Quando è necessario intervenire chirurgicamente e l’alternativa qual è?
«Una volta fatta una diagnosi di iperplasia prostatica benigna, il passo successivo è intraprendere un trattamento che, quasi sempre, è di tipo farmacologico per alleviare i disturbi. Non si cura il problema perché l’ipertrofia, come detto, è legata all’invecchiamento, quindi noi non possiamo curare l’invecchiamento. Ma possiamo sicuramente migliorare la qualità della vita. Ci sono anche farmaci che riducono il rischio di andare incontro a complicanze. E altri che hanno più un effetto di coadiuvare della terapia medica standard, quindi agiscono molto sulla componente infiammatoria».

Nel reparto da lei diretto, viene adottata una procedura chirurgica microinvasiva che sfrutta il laser al tullio. Quali ne sono i vantaggi?
«Innanzitutto bisogna dire una cosa importante: l’indicazione a eseguire un intervento chirurgico si dà, non perché il paziente abbia una prostata grande, ma è legata ai disturbi che la prostata dà, quindi a sintomi tali da condizionare la qualità di vita. Un paziente, per esempio, che abbia una calcolosi vescicale, infezioni ricorrenti, il sangue costantemente presente nelle urine. Queste sono problematiche che spingono a operare. E naturalmente si deve anche verificare la condizione che la terapia medica non non funzioni. Oggi, le nuove tecniche che abbiamo a disposizione, tra cui il laser, stanno prendendo piede. E i laser a disposizione sono delle tecnologie mini invasive, che offrono tutta una serie di garanzie di un successo, direi quasi definitivo, su questo tipo di patologia».

Quali, nello specifico, i vantaggi garantiti dal laser?
«Sono notevoli da un punto di vista clinico per il paziente stesso. La tecnologia adottata nel nostro ospedale è il laser al tullio, che assicura risultati nettamente superiori rispetto alle tecniche classiche. I vantaggi sono anche legati al fatto che ci sia una netta riduzione dei tempi di caterizzazione dopo l’intervento. Mentre con la tecnica classica il catetere si era costretti a portarlo dai tre ai dieci giorni, ora si riduce il periodo a uno o due giorni. E c’è una minore durata della degenza in ospedale. Possiamo anche trattare i pazienti che assumano dei farmaci anticoagulanti. Oggi la maggior parte dei pazienti, del resto, è anziana e quindi le complicanze in questo senso si riducono in maniera significativa: minor sanguinamento, minor rischio di andare incontro ad effettuare delle trasfusioni. E poi una rapida ripresa dell’attività lavorativa per chi ancora la svolge».

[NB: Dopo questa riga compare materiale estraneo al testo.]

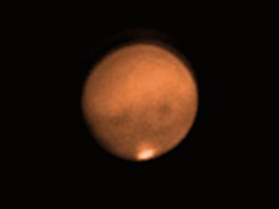| Bericht: | Hier meine erste brauchbare Mars Aufnahme mit 2x Barlow (2,4m Brennweite und IR-Sperrfilter). So wie bei Alex ist auch heute bei mir im östlichen NÖ das seeing anfangs (20 Uhr) sehr schlecht. Nur gewabbere, visuell genauso wie wenn man im sommer über eine heisse Landstrasse fährt und die heisse luft flimmert übern asphalt. zeitweise wirklich groteske Formen des roten Planeten, als würds ihn gleich zerreissen ;-). Später wurde dann doch das seeing viel besser, und meine erste Aufnahme (Summe aus 250 Bilder mit Registax und Photoshop bearbeitet)war im Kasten.

E nello specifico, il tullio cosa garantisce?
«Il nostro laser ha un vantaggio anche in termini post operatori. Perché ci sono pazienti che, dopo un trattamento laser, possono sviluppare sintomatologia di tipo irritativo legato alle alte frequenze di energia, che vengono impiegati nel trattamento. Il tullio, invece, è in grado di ridurre questi specifici sintomi».